Virtual goods are becoming a huge industry, and there’s no reason to think it’s just a fad given the penetration of technology and the internet in our lives. This year, the virtual goods market is projected to reach $2 billion dollars, more than $800 million of it coming from social games [edit: those are U.S. numbers, btw. The entire global market is much larger]. Those are pretty massive numbers, and virtual goods could very well be a $5-10 billion dollar industry by 2020.

There’s a bunch of interesting things about the virtual goods industry:

It’s got crazy high margins. CRAZY high. Zynga, the most prevalent and dominant company making facebook games, was recently discussed as being the most profitable company ever, with a profit margin of 47% (for context, Apple and Google are around 30%, Amazon is around 5%, and the previous record might have been Chanel at 45%). [http://read.bi/fsBlIJ]. Helps when you sell things that don’t actually exist.

That’s all we REALLY know about the industry so far. May sound a bit dismissive, but really, it’s a very young industry and the economics of it are still being examined as the market changes, as new competitors arrive, and as the industry grows to new non-facebook non-second life sectors.

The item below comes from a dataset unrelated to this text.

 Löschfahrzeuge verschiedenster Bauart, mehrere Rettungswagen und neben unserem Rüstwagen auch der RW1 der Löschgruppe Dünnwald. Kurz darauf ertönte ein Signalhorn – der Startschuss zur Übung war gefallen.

Part of the reason for this lack of wisdom is:

– It’s unregulated. At multiple levels, this rather large industry is controlled entirely by private funding, but many of the companies are getting big enough to sit in an awkward space of having a near-public secondary market for trading stocks. This is bound to go badly, and most people seem to think it will pretty soon: as you can see in the article linked above, the huge valuations and margins these companies are drawing is leading to a lot of investment in the companies AS IF they were public, but without the oversight or reporting requirements of public companies. Board members are the venture capitalists who invest in all manner of companies to get an edge on the industry, and the information disparity between those professionals and the everyday man who ends up invested through the secondary trading market is massive. One of these companies is bound to tank, leaving regular investors with shares of a worthless, revenue-less internet company after all the sophisticated VCs jumped ship. And that will be quickly followed by regulation.

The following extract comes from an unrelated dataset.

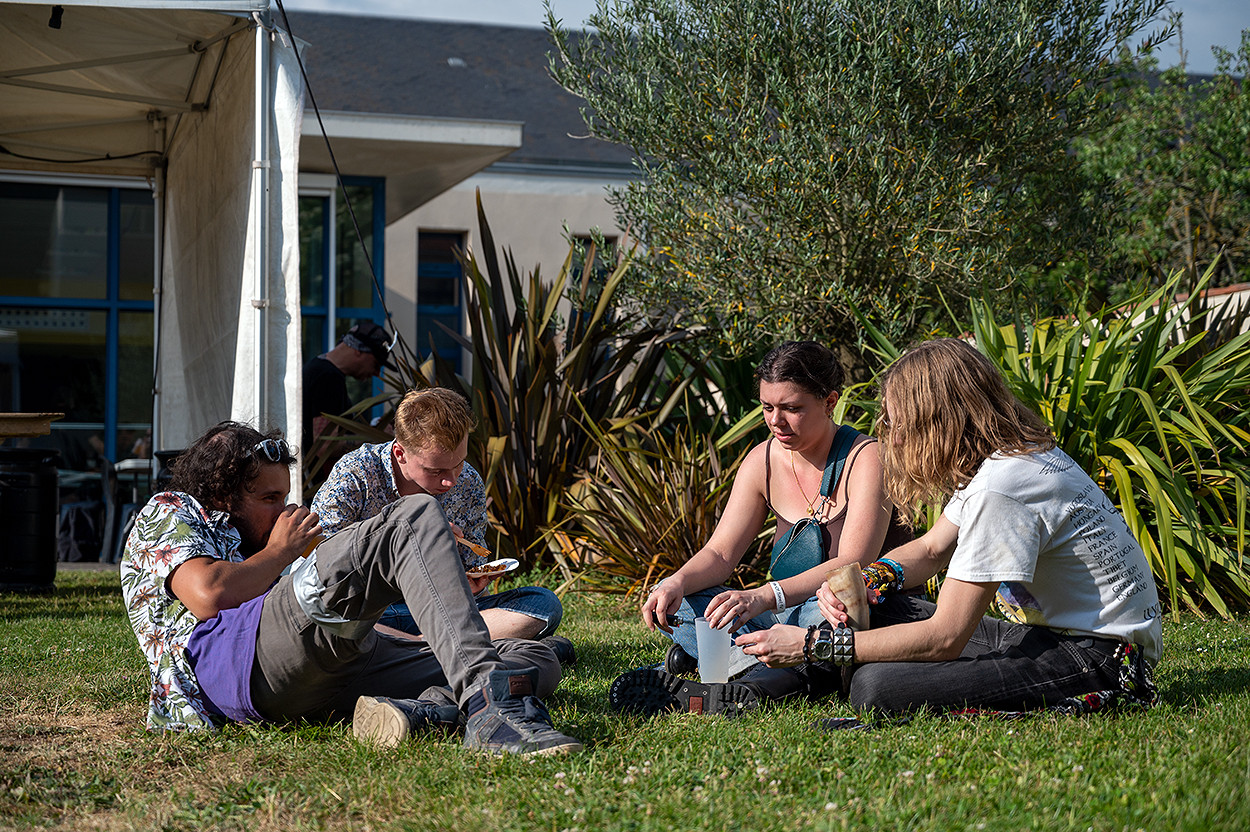 Nous arrivons sur place autour de 14h30, une marge suffisante pour nous présenter, retirer nos accréditations, prendre nos marques et nous imprégner de l’ambiance des lieux, avant les concerts qui débutent à 15 heures. Le site, construit autour d’une salle moderne entouré d’un espace de détente à l’air libre, est très agréable, permettant ainsi de s’oxygéner entre deux concerts. A l’intérieur du théâtre se trouve un large comptoir derrière lequel est installé un premier bar. Quelques stands de merchandising sont également présents. Un second bar est placé à l’extérieur, près de quelques tables et chaises, ainsi qu’un stand de restauration qui propose des plats cuisinés sur place à des prix tout à fait corrects (autour de 5 euros l’assiette de chili con carne ou de dahl de coco). En revanche, c’est à l’Anthems Of Steel que j’ai constaté que le prix de la bière a subi une forte inflation depuis la reprise des concerts. Désormais, il faut compter autour de 4 euros le demi et vers 7 euros, voire 8, la pinte de bière, et aucun des festivals ou concerts que j’ai couverts depuis n’a encore fait exception. C’est un peu cher et dichotomique avec le prix des places qui, de son côté, est tout à fait accessible compte tenu de la qualité et de la diversité de la programmation. Malheureusement, pour en avoir discuté par la suite avec quelques organisateurs d’événements de ce type, il est désormais difficile de proposer ce doux breuvage aux tarifs pratiqués avant l’épidémie de Covid 19. Je ne suis pas économiste et je ne m’étendrais donc pas plus sur le sujet, me contentant juste de constater les faits. Cette parenthèse close, entrons dans le vif du sujet..

It’s a luxury goods market that caters primarily to the middle class. Most of the users of the most successful virtual goods application to date, Farmville, were middle age women. I don’t know the income distributions of virtual goods purchasers across the whole ecosystem, but I don’t imagine they are any more well-off than the average middle-class American. Virtual goods, as I think most would agree, are a luxury good. Maybe a strict economist would point out that we don’t have enough data to know about the elasticity of the demand in the market, but something tells me the first thing most people would cut out of their budgets in a time of crisis would be their virtual tractor oil or new shirt for their avatar. The goods don’t even EXIST, it’s perhaps the most ‘luxury’ good ever. So this is an industry that makes pure luxury goods, selling to the middle class, during probably the worst recession in the history of the United States. And it’s working. Investors will pay anything to get a piece of it.

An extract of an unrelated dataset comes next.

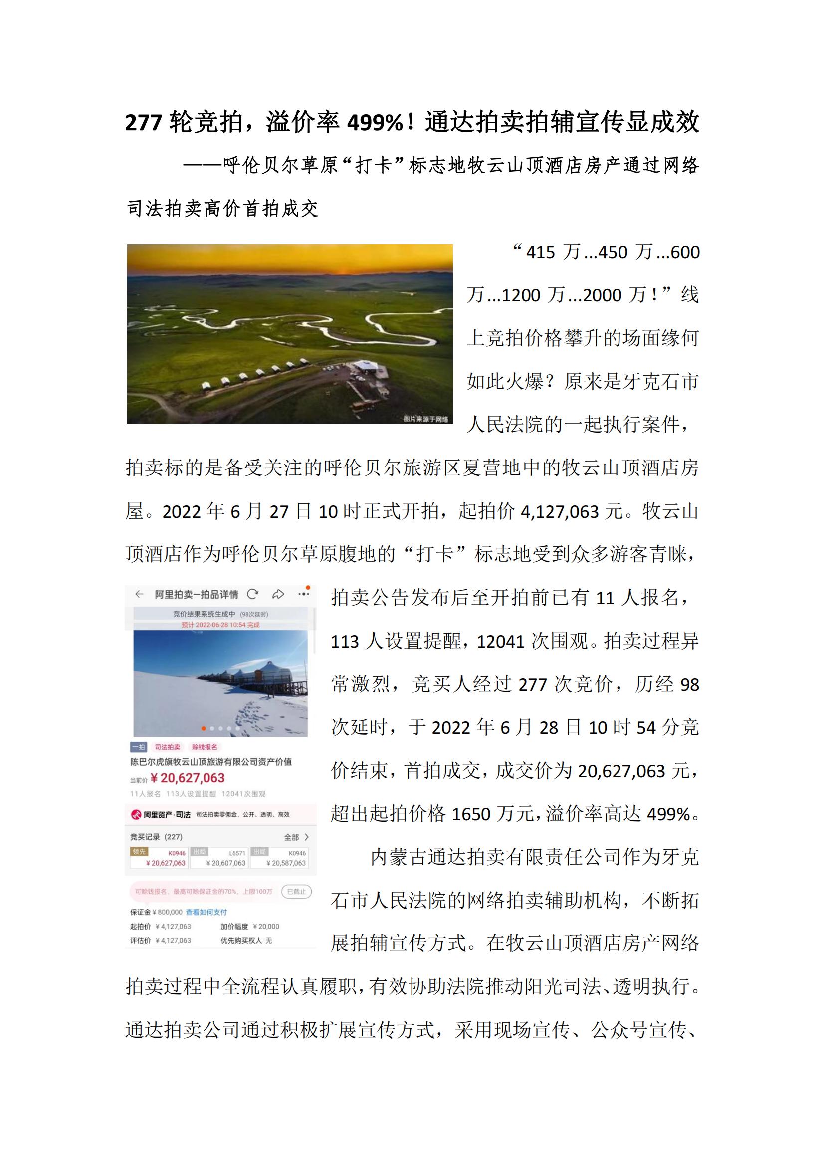 專業(yè)拍賣機(jī)構(gòu),助力司法拍賣 我區(qū)拍賣企業(yè)開(kāi)始入圍法院司輔機(jī)構(gòu)已經(jīng)兩年有余,在入圍的這兩年多時(shí)間里,拍賣企業(yè)作為專業(yè)的拍賣機(jī)構(gòu)不斷的完善自身,利用我們的專業(yè)助力司法拍賣,提高司法拍賣的成交額。拍賣企業(yè)的專業(yè)就是拍賣,作為司法輔助機(jī)構(gòu),我們拍賣企業(yè)更能夠從委托方角度出發(fā),從標(biāo)的角度出發(fā),從競(jìng)買人的角度出發(fā),深刻的了解各方的切實(shí)需求。也更可以找到標(biāo)的的亮點(diǎn)從而非常專業(yè)的對(duì)其進(jìn)行宣傳,通過(guò)拍賣企業(yè)本身的客戶資源以及通過(guò)網(wǎng)站、公眾號(hào)、宣傳視頻等多種新的宣傳自媒體齊發(fā)力,已經(jīng)突破了地域限制,使得更多的潛在買家可以看到和了解標(biāo)的。同時(shí)專業(yè)的拍賣公司有著強(qiáng)大的拍賣實(shí)力和風(fēng)控能力,對(duì)于拍賣過(guò)程中出現(xiàn)的問(wèn)題以及未出現(xiàn)的問(wèn)題都會(huì)做到提前準(zhǔn)備預(yù)案,這樣為標(biāo)的的最后成交奠定了專業(yè)而扎實(shí)的基礎(chǔ)。因?yàn)樾g(shù)業(yè)有專攻,讓專業(yè)的人做專業(yè)的事更能讓他們發(fā)揮所長(zhǎng),讓價(jià)值得到最大化,也能盡快的找到解決辦法,從而節(jié)省成本。 昨天收到來(lái)自內(nèi)蒙古通達(dá)拍賣有限責(zé)任公司的好消息,位于呼倫貝爾草原“打卡”標(biāo)志地的“牧云山頂酒店”房產(chǎn)網(wǎng)絡(luò)司法拍賣通過(guò)該企業(yè)的輔助宣傳,網(wǎng)絡(luò)拍賣產(chǎn)生了激烈的競(jìng)價(jià),經(jīng)過(guò)277 輪競(jìng)價(jià)后,最終以 20,627,063 元成交,溢價(jià)率達(dá)到 499%。 這便是一個(gè)很好的例子,希望我們?nèi)珔^(qū)的拍賣企業(yè)都能充分發(fā)揮自身專業(yè)優(yōu)勢(shì),助力司法拍賣,在這一領(lǐng)域開(kāi)疆?dāng)U土,以此為契機(jī),從點(diǎn)到線再到面的全面發(fā)展。

I originally titled this post as if I was going to make a critique of this pattern in human society, noting the strange disparity in wealth in the world when one society is spending billions of dollars on nonexistent goods while others die of starvation and disease and war… but I’m actually not so sure spending money on nonexistent goods is any more ridiculous than spending money on any other luxury. Is paying $400 for a handbag really much better than paying $2 for a different set of pixels? I’m not advocating either form of discretionary spending really (both seem like a borderline moral wrongs for a society with massive unemployment and legions of medically uninsured), but perhaps the virtual goods are actually better: at least they never go in the dump, and most of the virtual goods are made in America! Maybe that will reduce those unemployed and uninsured numbers by 2020.